MCI S.A. is a computer engineering services company whose clients, large French companies, expect the best service quality for development and implementation of projects and applications.
MCI Inc. and MCI S.A. indicate their mutual interest in establishing an ongoing business relationship to ensure their mutual development.
[21] Justice Dussault stated:
I am thus of the opinion that, given the service agreement between it and MCI SA France and having provided the latter with the services of its employees, MCI Canada participated in carrying out contracts related to computer engineering projects in France and that such participating can be qualified as subcontracting according to the generally accepted definition of the term, i.e. the full or partial completion by one person of a contract obtained by another person.
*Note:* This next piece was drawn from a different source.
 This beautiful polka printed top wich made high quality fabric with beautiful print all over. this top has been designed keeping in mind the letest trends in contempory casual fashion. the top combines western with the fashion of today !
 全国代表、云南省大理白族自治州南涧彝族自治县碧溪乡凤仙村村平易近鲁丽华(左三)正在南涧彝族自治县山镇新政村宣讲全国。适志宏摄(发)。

Before drawing on these cases, I refer to the Interpretation Bulletin 497R4, which outlines the applicability of the OETC to subcontractors of firms involved in qualifying activities:
... Often referred to as a sub-contractor, such a specified employer would be one who has a contract or subcontract to provide its services through its employees to another person in respect of a qualifying activity carried on by that person outside Canada, or in respect of such a qualifying activity which that person has subcontracted to a third party. For example, assume that a specified employer (A Ltd.) has contracted to carry on business outside Canada by providing data processing services to a non-resident company (B Ltd.) whose any business is the exploration for natural gas. Assuming the other requirements of subsection 122.3(1) are met, the employees of A Ltd. providing the data processing services would qualify for the OETC, since their employment is in connection with a contract under which the specified employer carried on business outside Canada with respect to qualifying activities.
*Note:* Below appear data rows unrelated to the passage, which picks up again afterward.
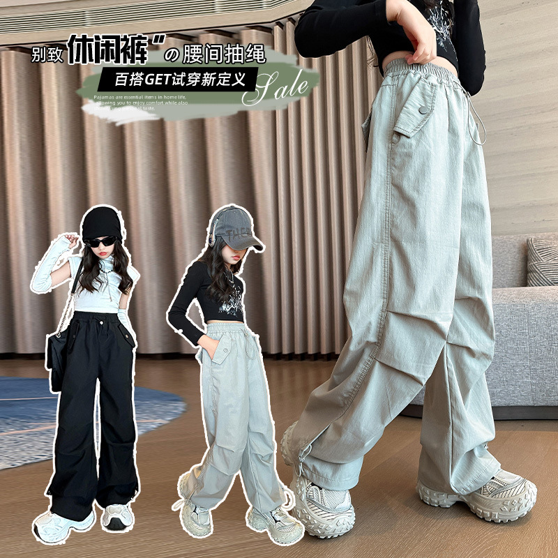 女の子の服装のズボンの春秋2025の新型の子供の洋気の流行の百合の広い足のズボンの傘の兵のズボンの大きい子供のカジュアルなズボン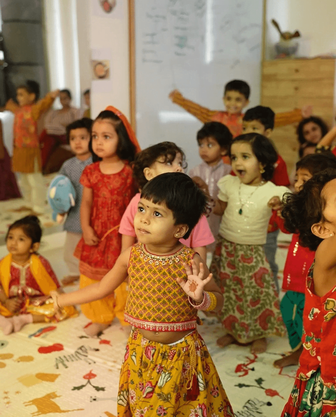 With parent support, children thread colourful harvest pieces to make a garland, then wear it for a joyful Lohri-inspired folk dance using scarves and wrist bells — exploring rhythm, music, and expressive movement.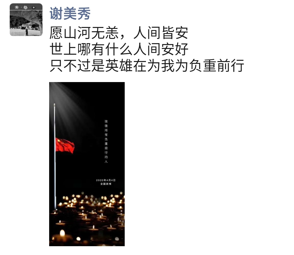 2020年的冬天,祖国打了一场无声的战斗,听不到猛烈的炮火声,却听得到冲锋,看不见滚滚硝烟,却看的见心痛的牺牲。冬去春来,我们看到大地复苏,得以再次拥抱太阳。可是,有些勇敢,坚毅,可爱的人却没有走出这个冬天。他们是生命守护家园的英雄和烈士,是不幸被病毒夺去生命的同胞和亲人,这些离去的背影,都值得我们敬佩,缅怀,为哀悼这些可爱的人们。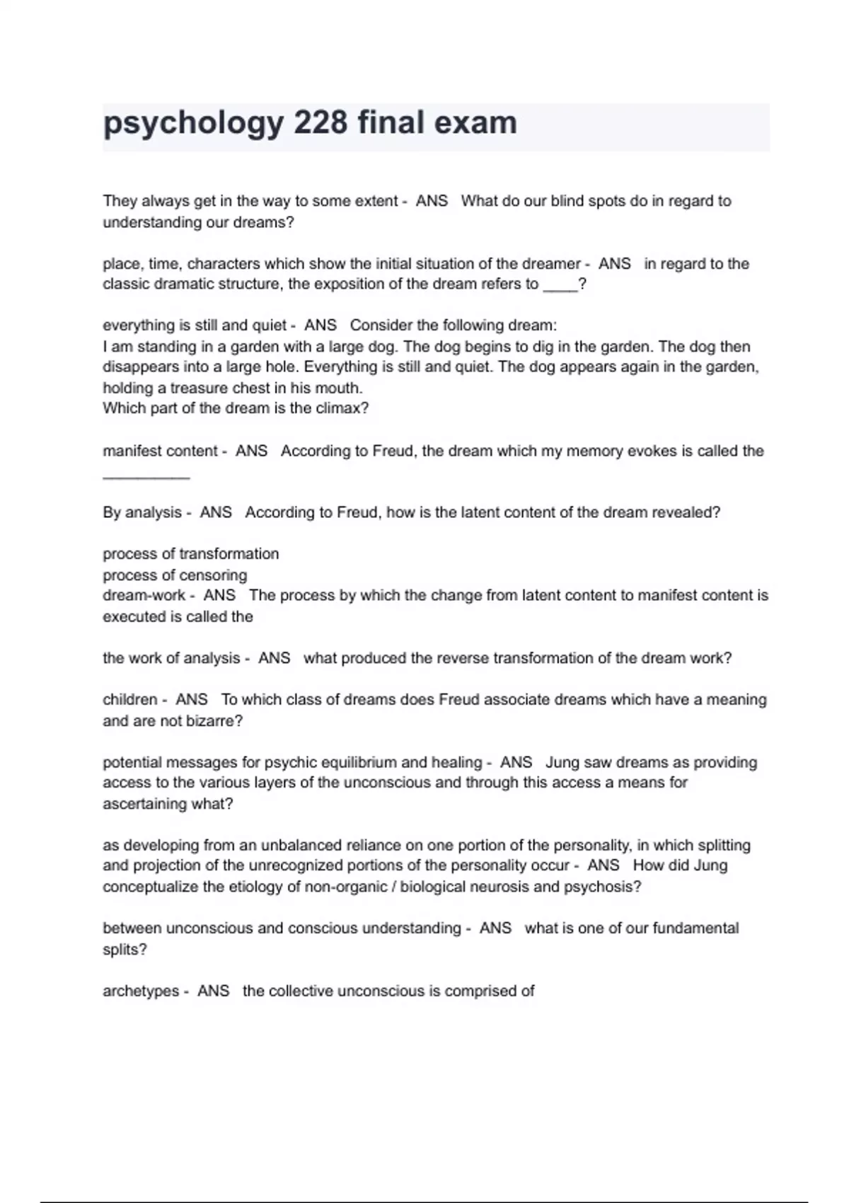 psychology 228 Final Exam Questions And Answers All Verified By An Expert They always get in the way to some extent - ANS What do our blind spots do in regard to understanding our dreams? place, time, characters which show the initial situation of the dreamer - ANS in regard to the classic dramatic structure, the exposition of the dream refers to ____? everything is still and quiet - ANS Consider the following dream: I am standing in a garden with a large dog. The dog begins to dig in the garden. The dog then disappears into a large hole. Everything is still and quiet. The dog appears again in the garden, holding a treasure chest in his mouth. Which part of the dream is the climax? manifest content - ANS According to Freud, the dream which my memory evokes is called the __________ By analysis - ANS According to Freud, how is the latent content of the dream revealed? process of transformation process of censoring dream-work - ANS The process by which the change from latent content to manifest content is executed is called the the work of analysis - ANS what produced the reverse transformation of the dream work? children - ANS To which class of dreams does Freud associate dreams which have a meaning and are not bizarre? potential messages for psychic equilibrium and healing - ANS Jung saw dreams as providing access to the various layers of the unconscious and through this access a means for ascertaining what? as developing from an unbalanced reliance on one portion of the personality, in which splitting and projection of the unrecognized portions of the personality occur - ANS How did Jung conceptualize the etiology of non-organic / biological neurosis and psychosis? between unconscious and conscious understanding - ANS what is one of our fundamental splits? archetypes - ANS the collective unconscious is comprised of something that the ego does not know and does not understand - ANS what, invariably, are dreams seeking to express? The unconscious exits to enlarge consciousness, and ... it does its work by symbolic suggestion. - ANS according to john beebe, what is the foundational idea of the jungian dream work?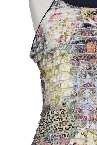 | Details | Jersey, ärmellos, Rundhals, Reißverschluss/Knöpfe hinten, Floral, Leopard |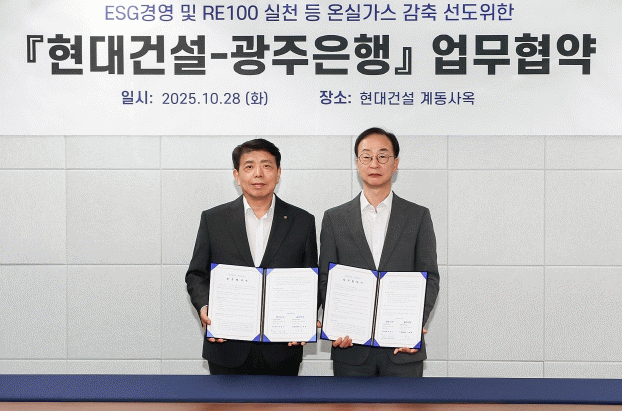 ±¤ÁÖÀºÇàÀº Çö´ë°Ç¼³°ú ¡®ESG°æ¿µ ¹× RE100 ½Çõ µî ¿Â½Ç°¡½º °¨Ãà ¼±µµ À§ÇÑ ¾÷¹«Çù¾à¡¯À» ü°áÇß´Ù°í 29ÀÏ ¹àÇû´Ù. Çù¾à½ÄÀº Çö´ë°Ç¼³ º»»ç¿¡¼ Á¤Àϼ± ±¤ÁÖÀºÇà ºÎÇàÀå°ú À̵¿ÈÆ Çö´ë°Ç¼³ »ó¹« ¹× °ü°èÀÚµéÀÌ Âü¼®ÇÑ °¡¿îµ¥ ÁøÇàµÆ´Ù.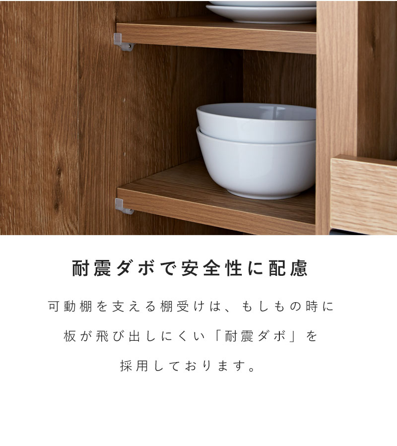 可動棚を支える棚受けは、もしもの時に板が飛び出しにくい「耐震ダボ」を採用しております。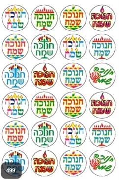 דיבקיות עגולות מודפסות עם כיתוב "חנוכה שמח" וסמלי החג. כל דף מכיל 24 מדבקות * 10 דפים בחבילה.

[22] What I draw from these cases and the Interpretation Bulletin is that if the Canadian company's business is solely that of a placement agency, the business is not being carried on outside Canada simply by virtue that the personnel placed, conduct their activities outside Canada. If, however, the business is providing services by way of subcontracting to a contractor, which services must necessarily be provided outside Canada, then the business can be considered to be carried on outside Canada. It is a fine distinction, which in this case is particularly fine. Yet, this difference explains how a computer consulting company providing a computer specialist to a project in France can qualify as operating outside Canada (Surprenant), as can an engineer working for a Canadian engineering company on a project outside of the country (Purves and Gonsalves v. The Queen[8]).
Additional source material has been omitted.